Nach elf Spielen im ersten Lebensjahr sollte Lynns Hoppingreise
in einem stattlichen Tempo weitergehen. Wir begannen langsam und
steuerten mit der VV UNA ein sehr entspanntes Ziel an. Im
Eindhovener Vorort Veldhoven spielen die gelb-schwarzen Kicker
um Punkte in der viertklassigen Derde Divisie B. Die Abkürzung
„UNA“ die gegebenenfalls um die Zusätze „Voetbalvereinigung“,
den Ortsteil Zeelst und das Gründungsjahr 1929 ergänzt wird,
steht für: „Uitspanning Na Arbeid“. Erholung nach der Arbeit –
es gibt Vereinsnamen die mehr Dynamik und Ambitionen beinhalten.

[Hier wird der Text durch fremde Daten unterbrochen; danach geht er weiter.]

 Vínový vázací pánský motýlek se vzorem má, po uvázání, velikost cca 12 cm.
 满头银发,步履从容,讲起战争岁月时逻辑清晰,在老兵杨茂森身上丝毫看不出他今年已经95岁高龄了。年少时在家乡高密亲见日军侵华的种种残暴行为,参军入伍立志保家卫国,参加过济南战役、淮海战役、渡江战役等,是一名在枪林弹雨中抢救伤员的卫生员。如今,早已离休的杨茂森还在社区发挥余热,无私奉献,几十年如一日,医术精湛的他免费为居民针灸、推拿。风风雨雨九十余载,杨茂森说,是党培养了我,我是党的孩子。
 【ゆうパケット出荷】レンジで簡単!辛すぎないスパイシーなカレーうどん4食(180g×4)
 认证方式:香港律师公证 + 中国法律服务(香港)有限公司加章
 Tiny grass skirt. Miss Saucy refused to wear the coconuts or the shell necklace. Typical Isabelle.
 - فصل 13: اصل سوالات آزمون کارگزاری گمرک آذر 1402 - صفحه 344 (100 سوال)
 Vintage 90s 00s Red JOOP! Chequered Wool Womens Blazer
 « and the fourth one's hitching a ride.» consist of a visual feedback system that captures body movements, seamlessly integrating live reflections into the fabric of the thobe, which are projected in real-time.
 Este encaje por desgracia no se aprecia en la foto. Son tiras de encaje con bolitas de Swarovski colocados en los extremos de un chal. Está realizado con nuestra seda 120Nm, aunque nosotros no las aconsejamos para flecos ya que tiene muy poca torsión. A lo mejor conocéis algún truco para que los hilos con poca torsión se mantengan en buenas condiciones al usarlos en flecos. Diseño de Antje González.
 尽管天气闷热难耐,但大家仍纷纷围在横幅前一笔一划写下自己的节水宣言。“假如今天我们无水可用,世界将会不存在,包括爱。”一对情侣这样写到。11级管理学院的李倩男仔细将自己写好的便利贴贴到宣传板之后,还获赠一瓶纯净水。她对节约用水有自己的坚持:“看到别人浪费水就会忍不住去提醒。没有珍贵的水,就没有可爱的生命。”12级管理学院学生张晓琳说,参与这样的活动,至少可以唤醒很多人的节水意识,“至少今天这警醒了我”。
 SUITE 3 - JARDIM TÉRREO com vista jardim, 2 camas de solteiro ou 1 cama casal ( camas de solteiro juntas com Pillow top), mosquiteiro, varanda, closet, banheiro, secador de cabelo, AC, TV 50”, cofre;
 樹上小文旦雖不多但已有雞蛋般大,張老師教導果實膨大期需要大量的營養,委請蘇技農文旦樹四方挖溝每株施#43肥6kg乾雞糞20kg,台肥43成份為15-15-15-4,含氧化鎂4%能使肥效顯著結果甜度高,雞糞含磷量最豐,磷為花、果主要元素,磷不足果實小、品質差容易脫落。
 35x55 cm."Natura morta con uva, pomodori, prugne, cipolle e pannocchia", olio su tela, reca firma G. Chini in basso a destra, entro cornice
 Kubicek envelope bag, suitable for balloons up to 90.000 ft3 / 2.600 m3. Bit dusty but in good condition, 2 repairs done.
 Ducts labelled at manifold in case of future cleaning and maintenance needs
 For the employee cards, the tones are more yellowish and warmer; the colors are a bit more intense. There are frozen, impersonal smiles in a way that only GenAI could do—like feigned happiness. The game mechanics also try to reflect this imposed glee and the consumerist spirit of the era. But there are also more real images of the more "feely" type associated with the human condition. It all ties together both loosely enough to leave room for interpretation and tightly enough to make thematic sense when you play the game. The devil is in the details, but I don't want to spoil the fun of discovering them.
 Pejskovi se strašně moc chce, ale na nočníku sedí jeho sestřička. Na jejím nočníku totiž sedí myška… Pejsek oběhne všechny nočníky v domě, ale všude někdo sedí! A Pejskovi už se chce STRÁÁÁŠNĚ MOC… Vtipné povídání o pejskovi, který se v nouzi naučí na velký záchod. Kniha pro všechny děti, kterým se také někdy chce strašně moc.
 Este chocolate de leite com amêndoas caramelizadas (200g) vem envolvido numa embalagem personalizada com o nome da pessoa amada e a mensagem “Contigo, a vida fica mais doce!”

Immerhin waren Lynn und ich motiviert. So
führte uns unser erster Weg nach der gut einstündigen Anreise
ins Vereinsheim. Die Frituur des Clubs hatte dabei ein breiteres
Angebot an frittierten Leckerbissen als so mancher Imbiss in den
niederländischen Fußgängerzonen. Nachdem auch ein zwei Pommes
bei Lynn landeten, konnten wir entspannt die Sportanlage
betrachten. Viel gabs hier nicht zu sehen. Mit nur vier mehr
oder weniger gut gepflegten Plätzen, davon ein Hauptplatz mit
künstlichem Geläuf sowie einer bescheidenen Tribüne, rangiert
man eher am unteren Ende der Attraktivitätsskala vergleichbarer
Grounds in den Amateurklassen unseres westlichen Nachbarn. Hinzu
kam ein denkbar geringes Zuschauerinteresse. Obwohl die Partie
gegen das Spitzenteam VV Gemert ein Derby war, verirrten sich
nur etwas mehr als 100 Zuschauer in den Sportpark Zeelst. Der
Grund für die dürftige Kulisse war fünf Kilometer östlich und
drei Spielklassen höher auszumachen. Zeitgleich zu unserer
Partie fand das Eredivisie-Topspiel zwischen PSV und Feyenoord
statt.
Im PSV-Stadion führten die Hausherren nach
17 Minuten bereits 3:0. In den restlichen gut 70 Minuten
passierte nichts mehr, was für die Anzeigetafel von Relevanz
war. Bei der VV UNA lief es indes nicht so rosig wie beim großen
PSV. In der 17. Minuten waren es hier die Gäste aus Gemert, die
ihrer Favoritenrolle gerecht wurden und früh das 0:2 markierten.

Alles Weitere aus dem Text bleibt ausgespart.